Anacampsis anisogramma

Scientific classification
- Kingdom: Animalia
- Phylum: Arthropoda
- Clade: Pancrustacea
- Class: Insecta
- Order: Lepidoptera
- Family: Gelechiidae
- Genus: Anacampsis
- Species: A. anisogramma
- Binomial name: Anacampsis anisogramma (Meyrick, 1927)
- Synonyms: Compsolechia anisogramma Meyrick, 1927 ;

= Anacampsis anisogramma =

- Authority: (Meyrick, 1927)

Species of moth

Anacampsis anisogramma is a moth of the family Gelechiidae. It was described by Edward Meyrick in 1927. It is found in China (Shanghai).

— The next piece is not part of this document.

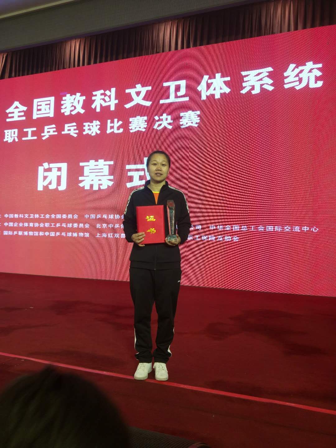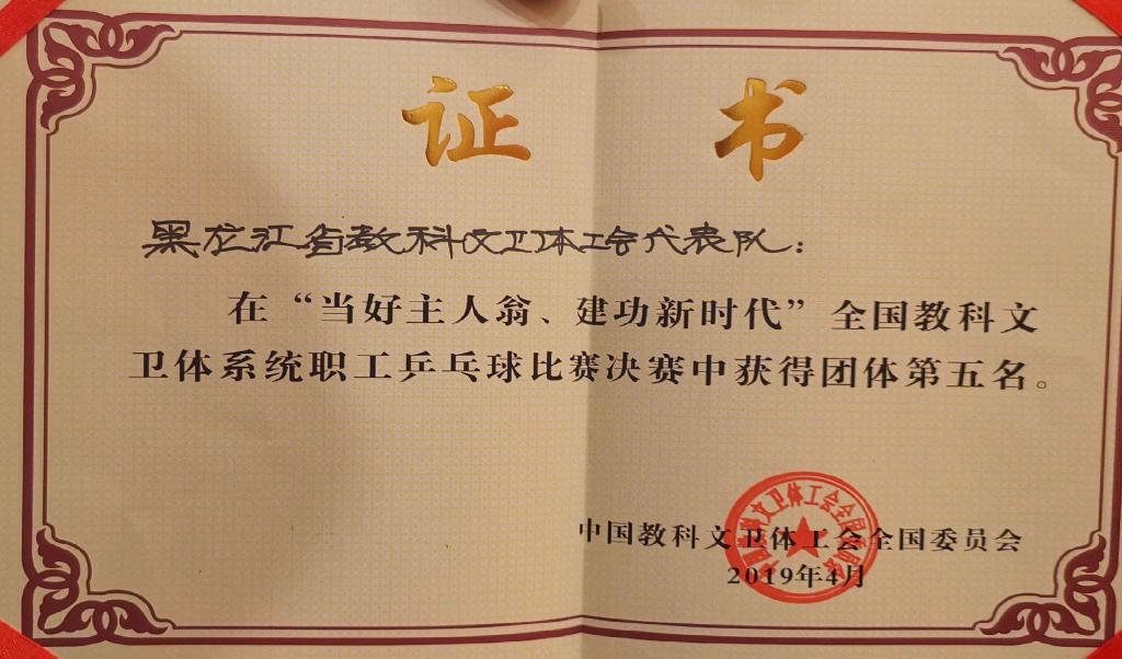 全国教科文卫体系统职工乒乓球比赛决赛于4月1日至3日在全国总工会国际交流中心举行。全国总工会党组书记、副主席、书记处第一书记李玉斌出席赛会闭幕式,为各组别前三名教职工选手颁奖。我省选手在此次比赛中取得了不俗成绩,尤其是我校教工杨松和幺兰作为黑龙江省教科文卫体工会代表队成员获得混合团体第五名(并列),幺兰荣获女子青年组第三名。

The wingspan is about 17 mm. The forewings are rather dark grey, pale-speckled and with an irregular blotch of blackish-grey suffusion on the base of the dorsum and a small transverse spot of dark grey suffusion in the disc at one-fifth. The stigmata are minute and dark fuscous, the plical slightly before the first discal, the second discal larger but absorbed in the margin of a blackish fascia crossing the wing at two-thirds, the anterior edge suffused, convex, the posterior
slightly bisinuate, edged on the costal third by an oblique wedge-shaped whitish-ochreous spot, beneath this by a fine faint whitish tinge. There is also a marginal series of seven small triangular blackish spots around the apical part of the costa and termen. The hindwings are rather dark grey.